= Realization (linguistics) =

Computational linguistics

In linguistics, realization is the process by which some kind of surface representation is derived from its underlying representation; that is, the way in which some abstract object of linguistic analysis comes to be produced in actual language. Phonemes are often said to be realized by speech sounds. The different sounds that can realize a particular phoneme are called its allophones.

Realization is also a subtask of natural language generation, which involves
creating an actual text in a human language (English, French, etc.) from a syntactic
representation. There are a number of software packages available for realization,
most of which have been developed by academic research groups in NLG. The remainder of this article concerns realization of this kind.

== Example ==
For example, the following Java code causes the simplenlg system to print out the text The women do not smoke.:

NPPhraseSpec subject = nlgFactory.createNounPhrase("the", "woman");
subject.setPlural(true);
SPhraseSpec sentence = nlgFactory.createClause(subject, "smoke");
sentence.setFeature(Feature.NEGATED, true);
System.out.println(realiser.realiseSentence(sentence));

In this example, the computer program has specified the linguistic constituents of the sentence (verb, subject), and also linguistic features (plural subject, negated), and from this information the realiser has constructed the actual sentence.

==Processing==
Realisation involves three kinds of processing:

Syntactic realisation: Using grammatical knowledge to choose inflections, add function words and also to decide the order of components. For example, in English the subject usually precedes the verb, and the negated form of smoke is do not smoke.

Morphological realisation: Computing inflected forms, for example the plural form of woman is women (not womans).

Orthographic realisation: Dealing with casing, punctuation, and formatting. For example, capitalising The because it is the first word of the sentence.

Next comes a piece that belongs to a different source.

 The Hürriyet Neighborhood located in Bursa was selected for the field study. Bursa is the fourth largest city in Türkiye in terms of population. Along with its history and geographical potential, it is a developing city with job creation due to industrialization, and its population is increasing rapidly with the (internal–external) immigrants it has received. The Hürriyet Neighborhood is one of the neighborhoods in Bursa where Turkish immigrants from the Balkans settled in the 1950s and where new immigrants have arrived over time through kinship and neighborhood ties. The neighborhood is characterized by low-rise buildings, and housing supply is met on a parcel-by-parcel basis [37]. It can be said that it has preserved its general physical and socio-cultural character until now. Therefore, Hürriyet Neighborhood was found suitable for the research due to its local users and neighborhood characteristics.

The above examples are very basic, most realisers are capable of considerably more complex processing.

==Systems==
A number of realisers have been developed over the past 20 years. These systems differ in terms of complexity and sophistication of their processing, robustness in dealing with unusual cases, and whether they are accessed programmatically via an API or whether they take a textual representation of a syntactic structure as their input.

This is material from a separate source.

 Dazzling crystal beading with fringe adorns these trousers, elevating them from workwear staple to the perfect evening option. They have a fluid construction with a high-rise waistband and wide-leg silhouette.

There are also major differences in pragmatic factors such as documentation, support, licensing terms, speed and memory usage, etc.

It is not possible to describe all realisers here, but a few of the emerging areas are:
- Simplenlg : a document realizing engine with an api which intended to be simple to learn and use, focused on limiting scope to only finding the surface area of a document.
- KPML : this is the oldest realiser, which has been under development under different guises since the 1980s. It comes with grammars for ten different languages.
- FUF/SURGE : a realiser which was widely used in the 1990s, and is still used in some projects today
- OpenCCG : an open-source realiser which has a number of nice features, such as the ability to use statistical language models to make realisation decisions.